> About this exercise: Transcribe all records below exactly, without images.

_____

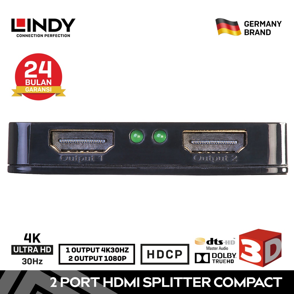 LINDY Hdmi Splitter 2 Port Splitter 1 in 2 Out Compact 2 Port Full HD 4K 1080P 3D 38157
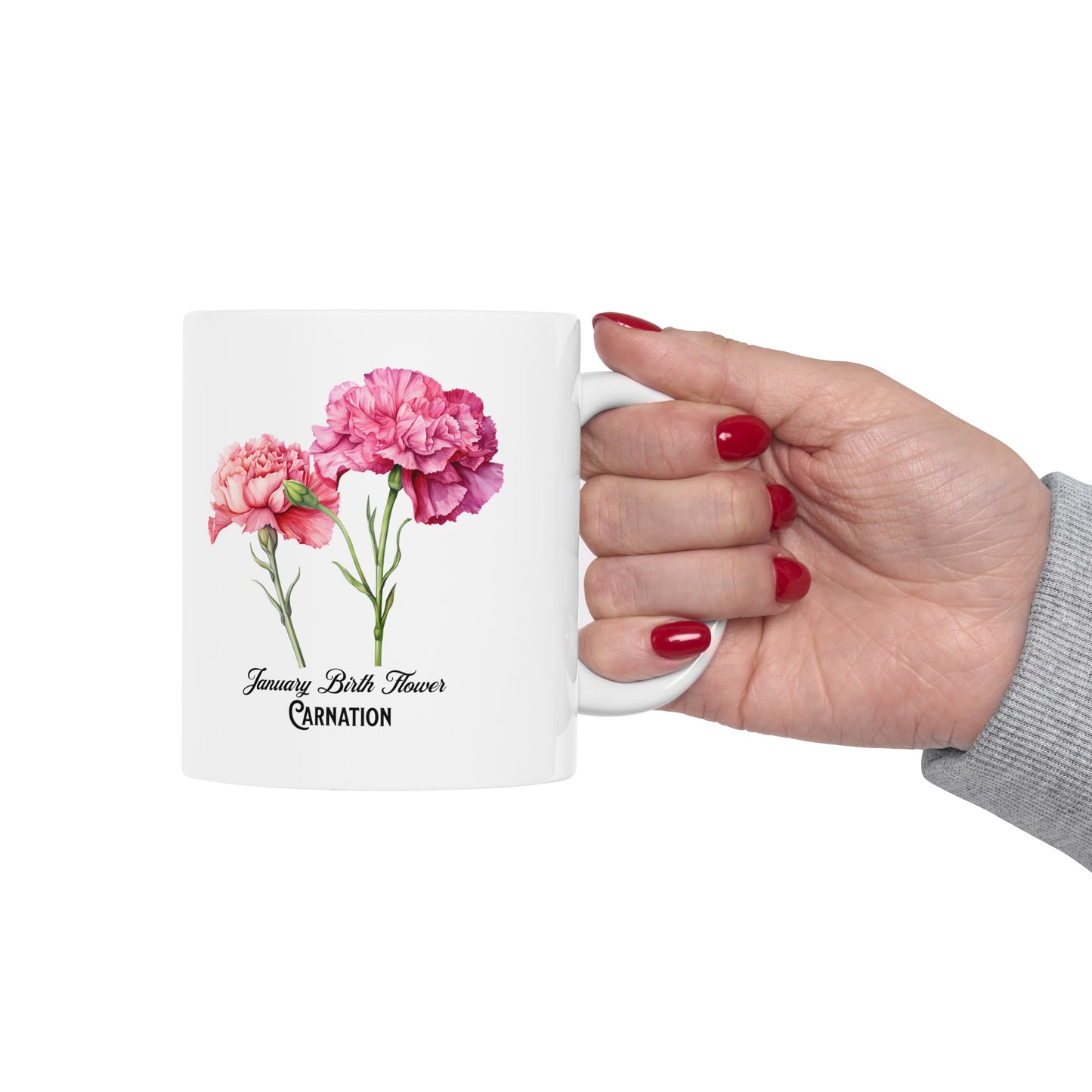 January Birth Flower (Carnation): Ceramic Mug 11oz
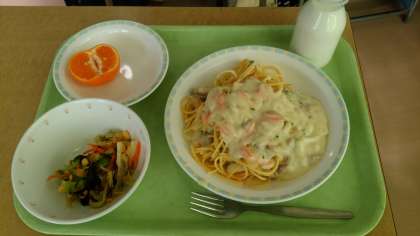 スパゲッティクリームソース、わかめサラダ、ぽんかん、牛乳
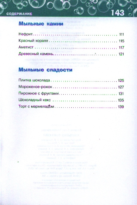 Яркое, душистое, нежное и полезное - такое мыло вы сможете сделать сами! Книга рассчитана на тех, кто первый раз приступает к этому увлекательному занятию. Материал расположен от простого к сложному. Начав с обычного прямоугольного мыла, в конце вы сможете делать разноцветные мыльные камни и пышные пирожные, которые с трудом отличишь от настоящих. Особенность издания в том, что в нём раскрывается множество секретов мыловарения: как плавить специальную мыльную основу, как правильно её окрашивать и ароматизировать, как избавиться от пузырьков, как сделать формы своими руками. С этими советами процесс приготовления мыла будет лёгким и увлекательным. Адресовано детям 11-16 лет, их родителям и всем любителям мыловарения.
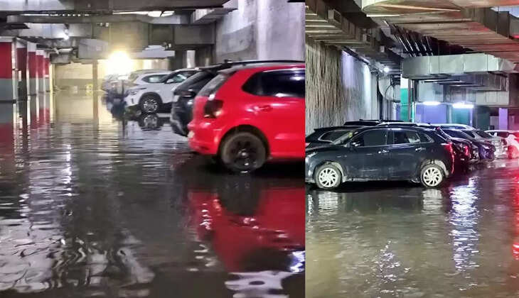 गौर सिटी सेंटर में जलजमाव से हड़कंप: बारिश में डूबी बेसमेंट पार्किंग, NOC पर उठे सवाल
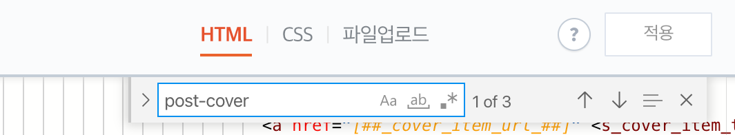 html 안에서 클릭을 하고 ctrl+F 후 'post-cover'를 찾습니다. 그 중에 3번째로 가서 <div class="post-cover" <s_article_rep_thumbnail>을 찾습니다. 그리고 그 아래 https://blog.kakaocdn.net/dna/lkr6d/btsLNwYPyv9/AAAAAAAAAAAAAAAAAAAAAMbVlVSvoK_q7OTUUhLZe6Uk5b6Rd63bGZNzJehZ6Qxp/img.png?credential=yqXZFxpELC7KVnFOS48ylbz2pIh7yKj8&expires=1777561199&allow_ip=&allow_referer=&signature=eoRNniP7xdEUOlqacJrgPDlZAdM%3D 이라는 부분을 none으로 바꿔 줍니다. 여기서 Post-cover는 제목 배경을 말하는 것입니다. 기억하고 있으세요.
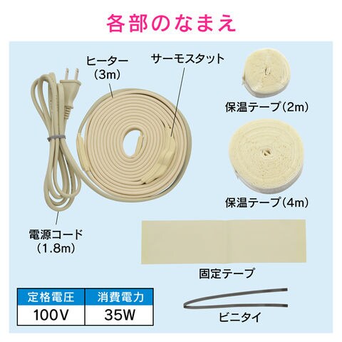 - 付属品:ビニタイ、固定テープ、保温テープ(2m、4m各1個)
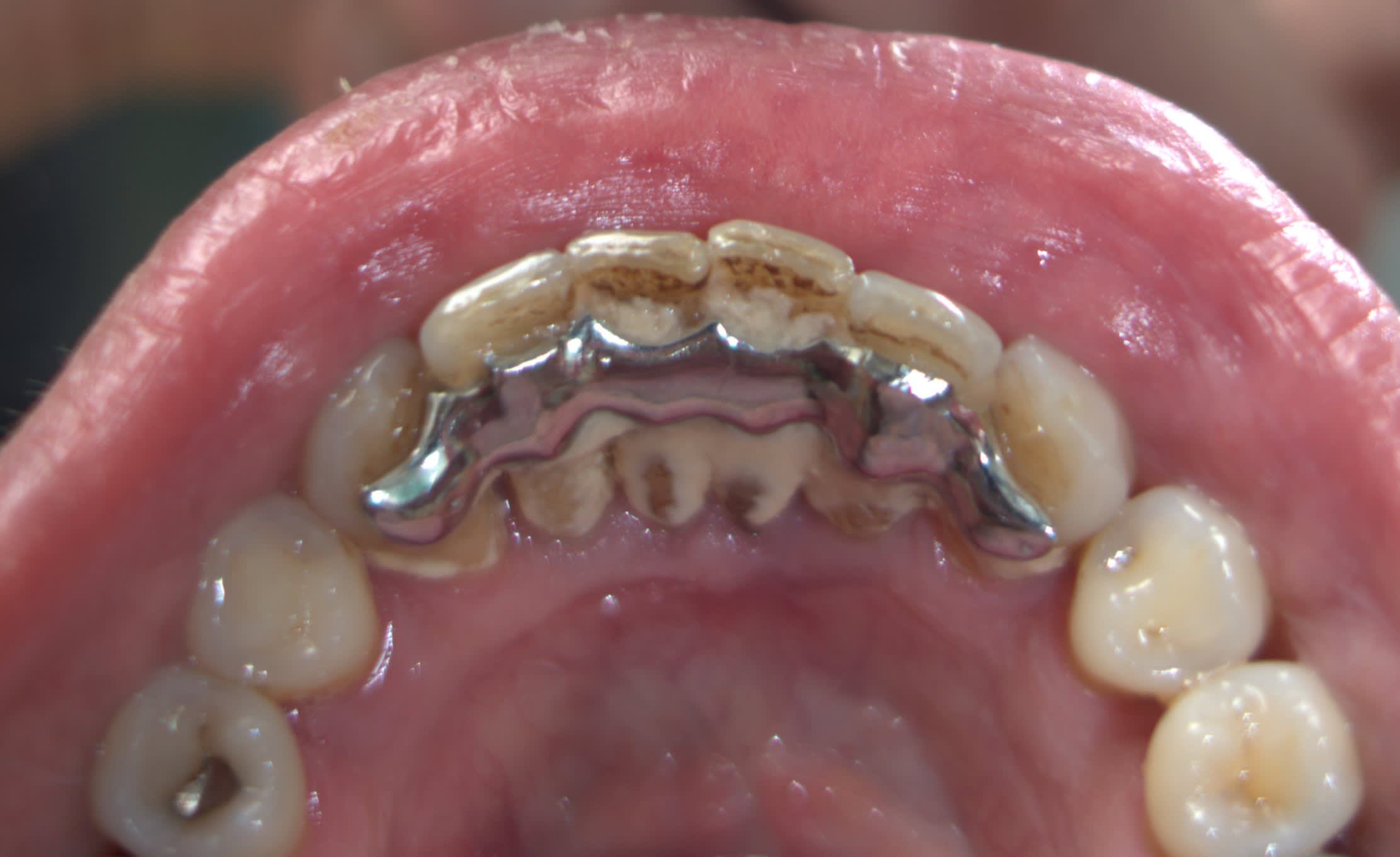 suite a un levĂ©e de lambeau, surfaçage a ciel ouvert, contention collĂ©e sous digue... "le plus important est le contrĂŽle de plaque le passage de brossette interdentaire l'arrĂȘt du tabac et, bien sur, la visite tous les 6 mois pour le det a 40e..."
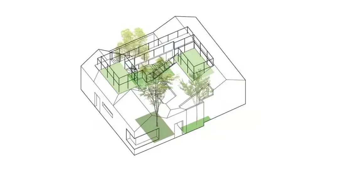 在原有建筑的现状尺度与限高基础上,设定不同标高,向地上和地下扩展、加大空间密度,一种连续“叠层”的合院空间随之展开。于是,这不再是“传统”的空间,设计师“立体叠合”了园林与四合院, 以“叠合院”之态新生,虚与实之间, 有了更多的面积,有了更多的“偶遇”,有了更多的“彼此的风景”。
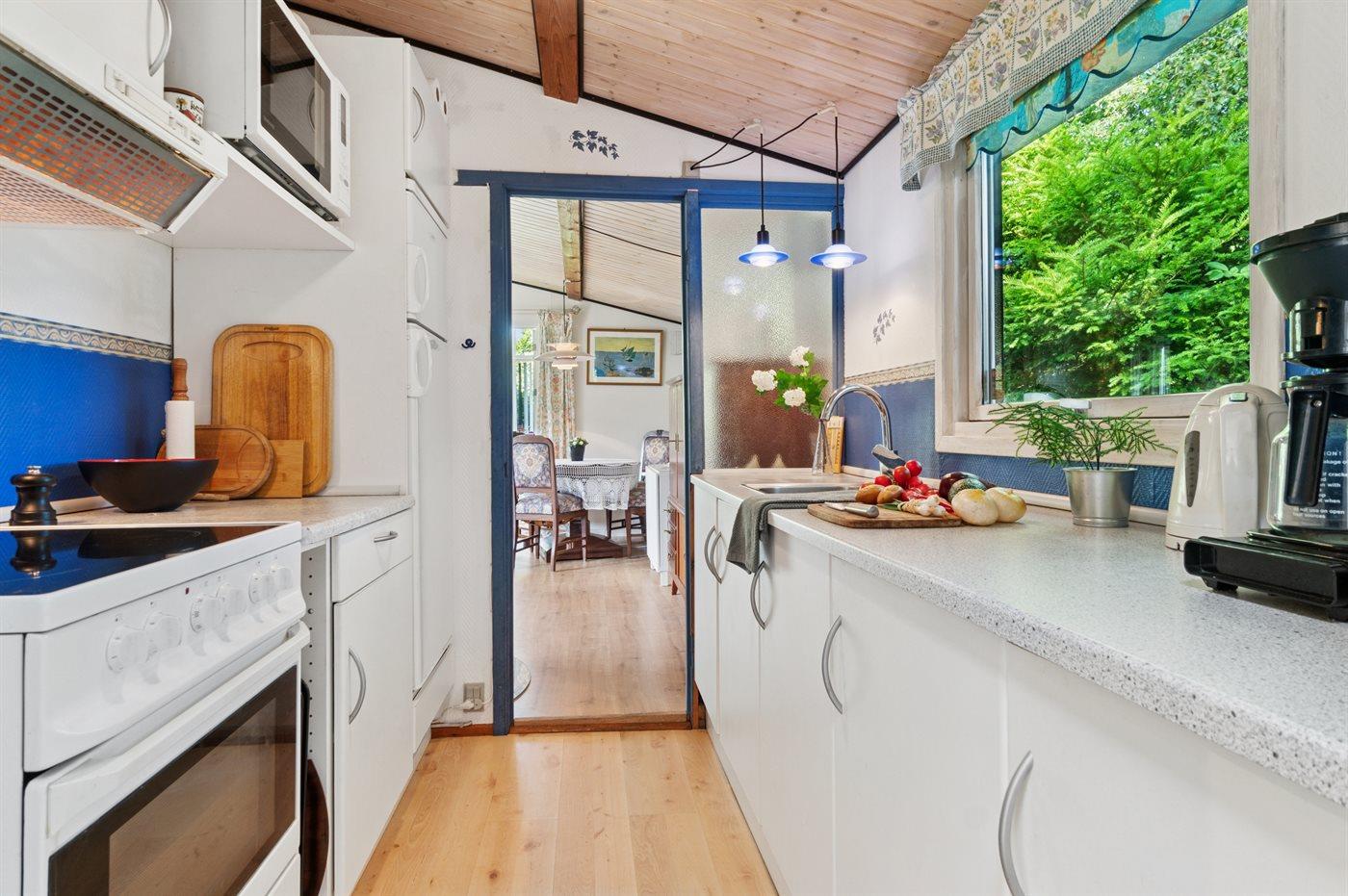 Køkkenet er udstyret med 1 køleskab. Der er 4 keramiske kogeplader, varmluftovn, mikrobølgeovn samt opvaskemaskine.

_____

> The completed task:
 LINDY Hdmi Splitter 2 Port Splitter 1 in 2 Out Compact 2 Port Full HD 4K 1080P 3D 38157
 January Birth Flower (Carnation): Ceramic Mug 11oz
 スパゲッティクリームソース、わかめサラダ、ぽんかん、牛乳
 Яркое, душистое, нежное и полезное - такое мыло вы сможете сделать сами! Книга рассчитана на тех, кто первый раз приступает к этому увлекательному занятию. Материал расположен от простого к сложному. Начав с обычного прямоугольного мыла, в конце вы сможете делать разноцветные мыльные камни и пышные пирожные, которые с трудом отличишь от настоящих. Особенность издания в том, что в нём раскрывается множество секретов мыловарения: как плавить специальную мыльную основу, как правильно её окрашивать и ароматизировать, как избавиться от пузырьков, как сделать формы своими руками. С этими советами процесс приготовления мыла будет лёгким и увлекательным. Адресовано детям 11-16 лет, их родителям и всем любителям мыловарения.
 गौर सिटी सेंटर में जलजमाव से हड़कंप: बारिश में डूबी बेसमेंट पार्किंग, NOC पर उठे सवाल
 html 안에서 클릭을 하고 ctrl+F 후 'post-cover'를 찾습니다. 그 중에 3번째로 가서 <div class="post-cover" <s_article_rep_thumbnail>을 찾습니다. 그리고 그 아래 https://blog.kakaocdn.net/dna/lkr6d/btsLNwYPyv9/AAAAAAAAAAAAAAAAAAAAAMbVlVSvoK_q7OTUUhLZe6Uk5b6Rd63bGZNzJehZ6Qxp/img.png?credential=yqXZFxpELC7KVnFOS48ylbz2pIh7yKj8&expires=1777561199&allow_ip=&allow_referer=&signature=eoRNniP7xdEUOlqacJrgPDlZAdM%3D 이라는 부분을 none으로 바꿔 줍니다. 여기서 Post-cover는 제목 배경을 말하는 것입니다. 기억하고 있으세요.
 - 付属品:ビニタイ、固定テープ、保温テープ(2m、4m各1個)
 suite a un levĂ©e de lambeau, surfaçage a ciel ouvert, contention collĂ©e sous digue... "le plus important est le contrĂŽle de plaque le passage de brossette interdentaire l'arrĂȘt du tabac et, bien sur, la visite tous les 6 mois pour le det a 40e..."
 在原有建筑的现状尺度与限高基础上,设定不同标高,向地上和地下扩展、加大空间密度,一种连续“叠层”的合院空间随之展开。于是,这不再是“传统”的空间,设计师“立体叠合”了园林与四合院, 以“叠合院”之态新生,虚与实之间, 有了更多的面积,有了更多的“偶遇”,有了更多的“彼此的风景”。
 Køkkenet er udstyret med 1 køleskab. Der er 4 keramiske kogeplader, varmluftovn, mikrobølgeovn samt opvaskemaskine.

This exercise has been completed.